1. なぜ今、電子帳簿保存法への対応が「待ったなし」なのか?

この章のポイント

  • 2024年1月から「電子取引」のデータ保存が全事業者に義務化された。
  • 電帳法対応は、単なる法改正対応ではなく、DX推進の重要な一歩である。
  • 法対応を「コスト」と捉えるか「投資」と捉えるかで、企業の未来は大きく変わる。

「電子帳簿保存法(でんしちょうぼほぞんほう)」という言葉を耳にする機会が急激に増え、「対応しなければならないのは知っているが、具体的に何をすればいいのか分からない」「法律の話は難しくて苦手だ」と感じている方も多いのではないでしょうか。

ご安心ください。この記事では、専門用語を一つひとつ丁寧に紐解きながら、なぜ対応が必要なのか、そして具体的にどうすれば良いのかを、ビジネスの現場目線で解説していきます。

まず結論から言えば、2024年1月1日から「電子取引」におけるデータ保存がすべての事業者(法人・個人事業主)に義務化されたため、電帳法への対応はもはや他人事ではなく、すべての企業にとって「待ったなし」の経営課題となっています。

概要:単なる法改正ではない、DX推進の号砲

電子帳簿保存法(以下、電帳法)は、これまで紙での保存が原則だった国税関係の帳簿や書類を、一定のルールのもとで電子データとして保存することを認める法律です。
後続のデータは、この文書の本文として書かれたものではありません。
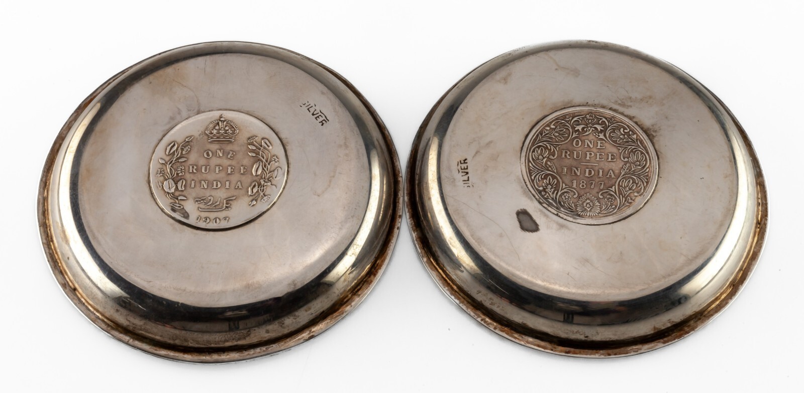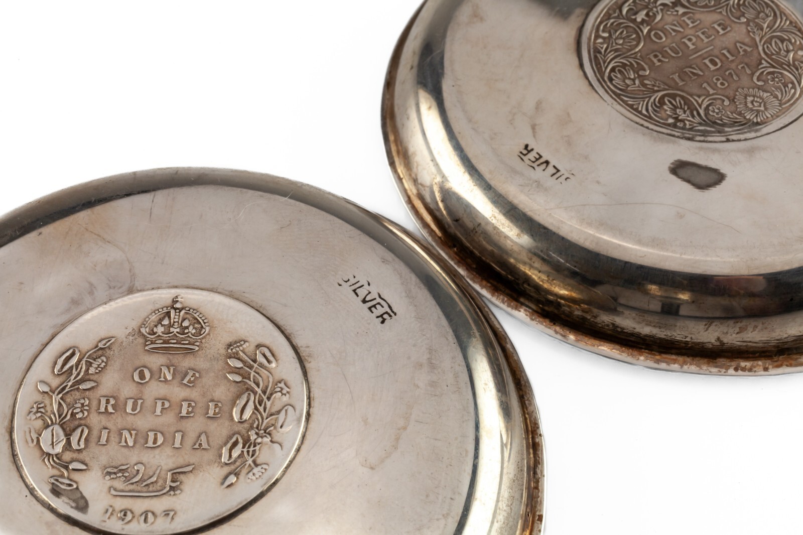 Paire des plats argentes indiens, 1877 et 1907 One Rupee Coin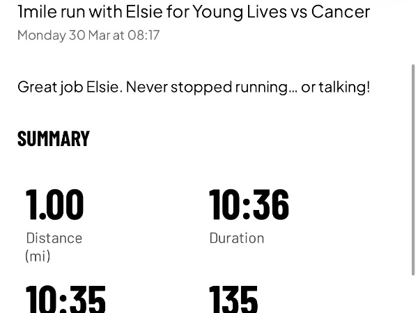 Elsie is taking on the Kids' Spring Challenge for Young Lives vs Cancer, to run one mile every day for two weeks (2 on some days as won’t be running on Sundays).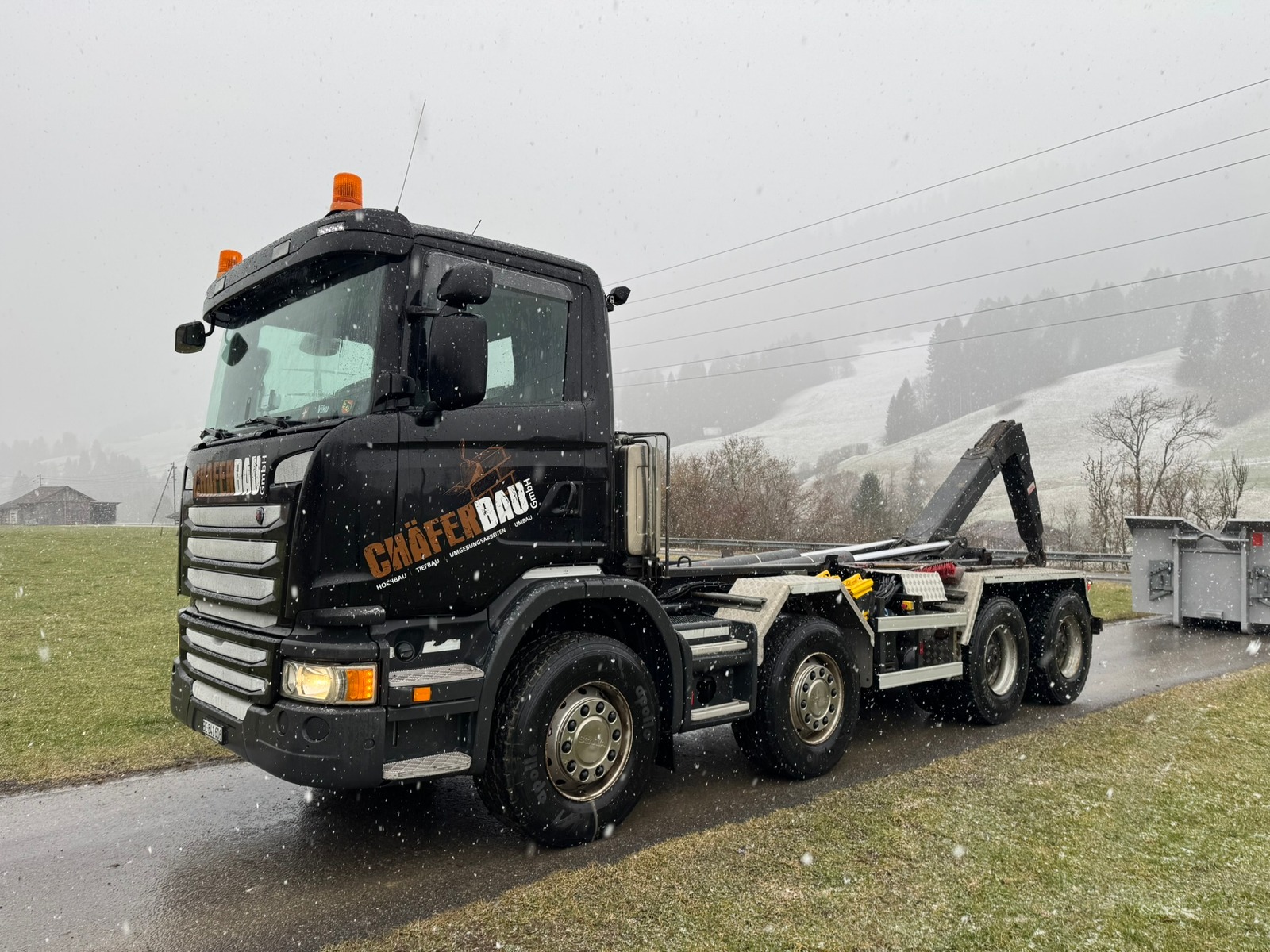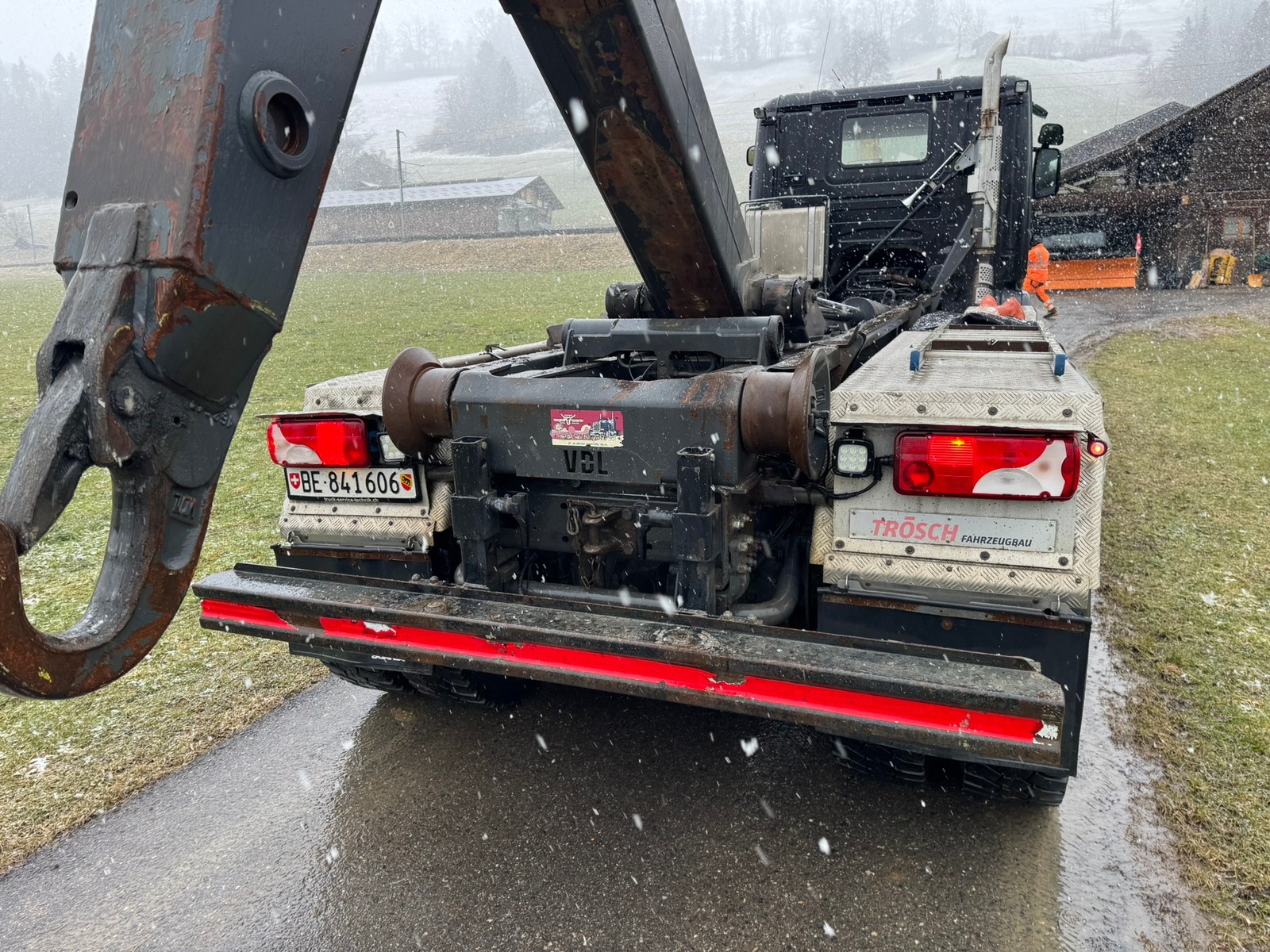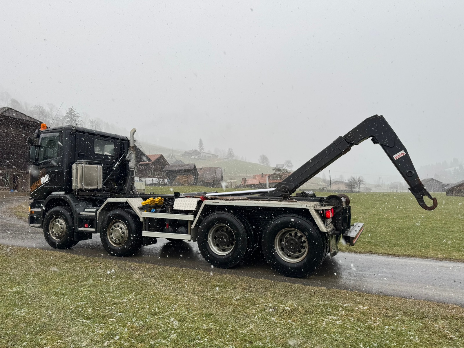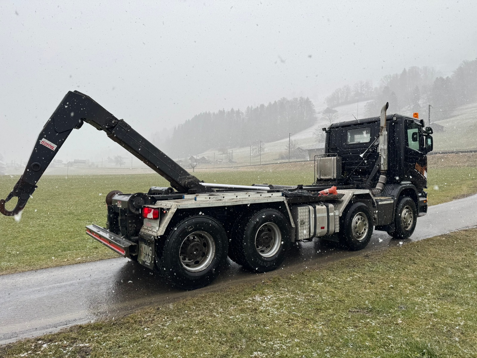 Das Fahrzeug ist als 4-Achser aufgebaut und verfügt über ein hochwertiges Hakengerät von Trösch AG. Ausgestattet mit Retarder und Motorbremse bietet der LKW eine starke Bremsleistung und hohen Fahrkomfort – ideal für anspruchsvolle Einsätze im Baustellen- und Containertransport.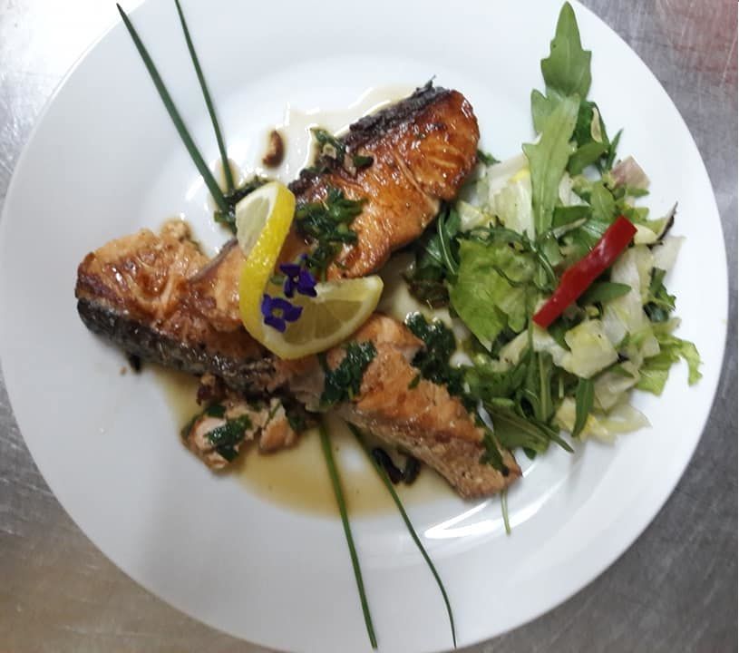 1. Kuřecí steak se smetanovou omáčkou, hranolky130 Kč

1998年の施行以来、時代の要請に合わせて幾度も改正が重ねられてきましたが、特に2022年の改正と2024年からの義務化は、企業の経理業務のあり方を根本から変える、大きな転換点となりました。

この法律の目的は、単にペーパーレス化を促すだけではありません。企業内に散在する請求書や領収書といった取引データをデジタル化・一元化することで、業務プロセス全体の効率化と生産性向上、すなわちデジタルトランスフォーメーション(DX)を加速させることに、その本質的な狙いがあります。

請求書を探すために倉庫の段ボール箱を漁ったり、承認印をもらうために出社したりする時間。これらは、企業の成長に直接貢献しない「見えないコスト」です。電帳法への対応は、こうした旧来の業務プロセスを見直し、企業全体の生産性を向上させる絶好の機会なのです。

したがって、電帳法への対応を「コストのかかる面倒な義務」と捉えるか、「業務改革を進める好機」と捉えるかで、数年後の企業の競争力に大きな差が生まれることになるでしょう。

Q. うちのような中小企業にも関係ありますか?

A. はい、大いに関係あります。電帳法の中でも、特にメールで受け取った請求書PDFなどをデータで保存する「電子取引データ保存」は、企業の規模や業種、売上高にかかわらず、すべての法人および個人事業主が対象となります。たとえ電子取引が1件でもあれば、そのデータを法律の要件に沿って保存する義務があります。ただし、事業者の負担を軽減するための猶予措置や緩和要件も設けられていますので、自社の状況に合った対応方法を知ることが重要です(詳しくは第4章で解説します)。

2. 【図解】電子帳簿保存法の全体像|3つの保存区分を正しく理解する

この章のポイント

  • 電帳法には「電子帳簿等保存」「スキャナ保存」「電子取引データ保存」の3つの区分がある。
  • このうち、対応が「義務」なのは「電子取引データ保存」のみ。他は「任意」。
  • まずは「義務」への対応を確実に行い、次に「任意」の活用を検討するのが正しい順序。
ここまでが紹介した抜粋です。